Sunday, September 28, 2025

Vorta’s “No Matter What, Keep All…” Setting

Since switching from Pop!_OS (Gnome) to Kubuntu (KDE) for work, I have also changed my backup GUI.  There is no question that Vorta is more powerful than Pika Backup, but the price of that is the loss of simplicity.

One place I got confused was in the backup-retention rules, referred to as “pruning” by the GUI.  I have learned: when Vorta offers to “keep all backups made within…”, that is internally a separate rule with high priority.

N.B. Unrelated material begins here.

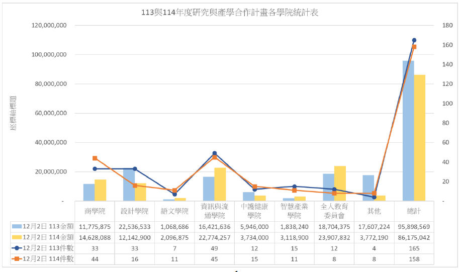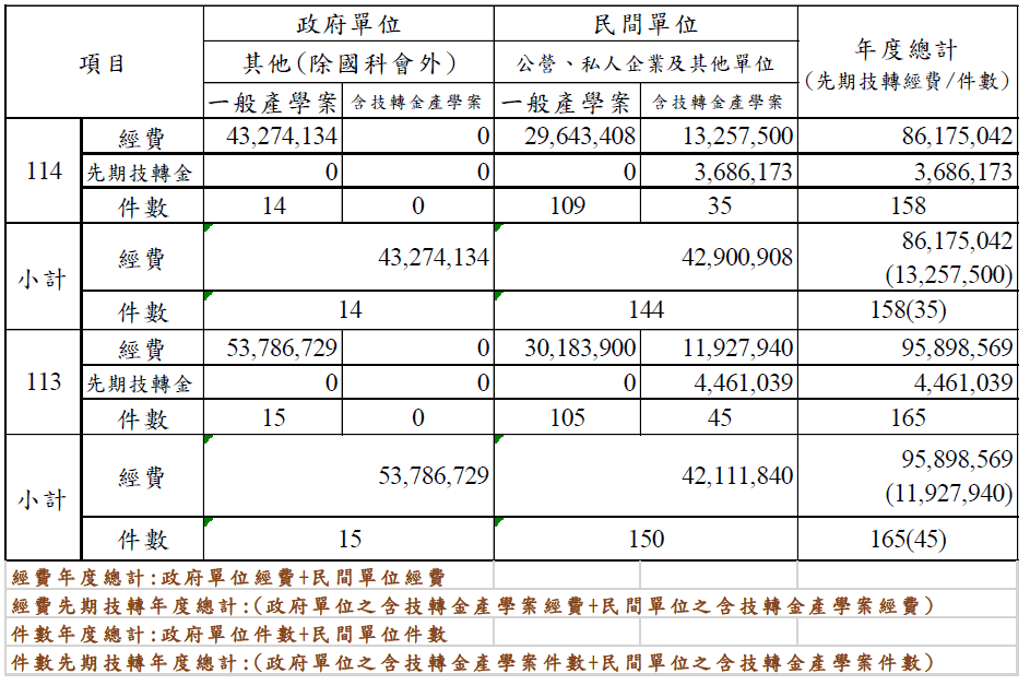 本校114年度研究及產學合作計畫(截至114/12/01止)共計158件,總經費新台幣(下同)86,175,042元整,含(先期)技術移轉35件,金額$13,257,500元整; 113年度同期研究及產學合作計畫(截至113/12/01止)共計165件,總經費新台幣(下同)95,898,569元整,含(先期)技術移轉45件,金額$11,927,940元整。

Therefore, when I set up my hourly backups to keep “one week” of hourly, two weeks of daily, and so on, but “keep everything from the last six weeks,” I ended up with seven weeks of hourly backups, followed by the two weeks of daily.

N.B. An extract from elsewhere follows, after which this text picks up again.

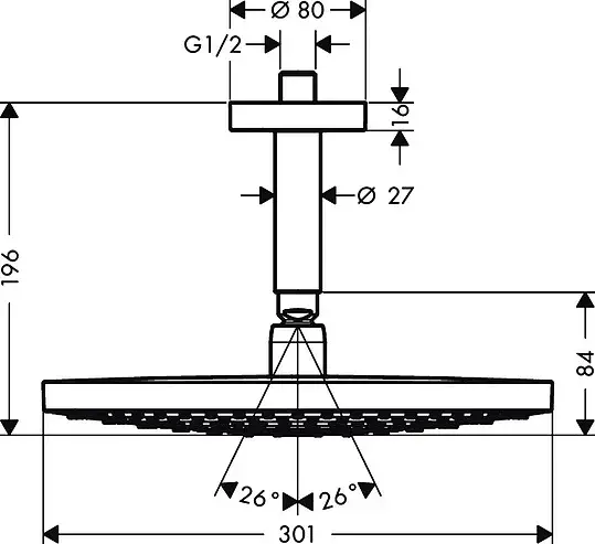 Hansgrohe Raindance Select S Верхний душ 30 см,2 режима,кронштейн потолочный 10 см, цвет: хром/белый 27337400

I noticed the problem when my laptop fans spun up for a while, which turned out to be Vorta verifying 300+ archives.  The work laptop is on only for work, producing backups for 8–9 hours per weekday, for around 250 extra archives over those first six weeks.

Unrelated, but one nice thing about Vorta is that, like Pika, it is a front-end to Borg.  I gave it the same repository on disk.  Now I have continuous backup history across the two GUIs, and emergency CLI access if necessary.

Sunday, September 21, 2025

Reflections on Breaking Something

Last week, I deployed some code, and then impossible phenomena followed on the website.  Ultimately, it was all my fault, because I have changed my design sensibilities over time.

Distant past me figured it would make for shorter commands if we left the .service suffix off of names.  It would be added automatically at the boundary, when actually invoking a systemctl command.

Present me is less tolerant of magic, hates checking at several places whether or not to add .service, and worries about whether the code works with other types of systemd units.

Hence, when I recently updated our deployment code, it also began passing the full service name to the reload script.  That script is a wrapper that sits between the deployment user and systemctl.  The deployment user has sudo rights to the script, which can only run very specific systemctl commands, and which validates the unit name against an “allowed” list.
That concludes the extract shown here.